[What the exercise asks] Some entries follow. Reproduce exactly the lines starting at the one with "A photo, taken" and stopping after the one with "Изысканный переносной боулинг-набор, вручную".

[Extracted entries]
#####

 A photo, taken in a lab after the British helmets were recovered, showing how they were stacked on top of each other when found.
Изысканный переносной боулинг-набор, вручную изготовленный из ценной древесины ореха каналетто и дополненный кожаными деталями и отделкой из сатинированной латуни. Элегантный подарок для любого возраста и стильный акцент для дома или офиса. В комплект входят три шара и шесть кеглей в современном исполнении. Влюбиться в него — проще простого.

#####

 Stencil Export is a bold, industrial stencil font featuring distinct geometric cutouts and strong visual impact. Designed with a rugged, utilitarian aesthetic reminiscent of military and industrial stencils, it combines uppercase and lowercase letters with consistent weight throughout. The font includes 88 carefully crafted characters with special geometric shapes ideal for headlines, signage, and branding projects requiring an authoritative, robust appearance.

#####

[Written response]
 A photo, taken in a lab after the British helmets were recovered, showing how they were stacked on top of each other when found.
Изысканный переносной боулинг-набор, вручную изготовленный из ценной древесины ореха каналетто и дополненный кожаными деталями и отделкой из сатинированной латуни. Элегантный подарок для любого возраста и стильный акцент для дома или офиса. В комплект входят три шара и шесть кеглей в современном исполнении. Влюбиться в него — проще простого.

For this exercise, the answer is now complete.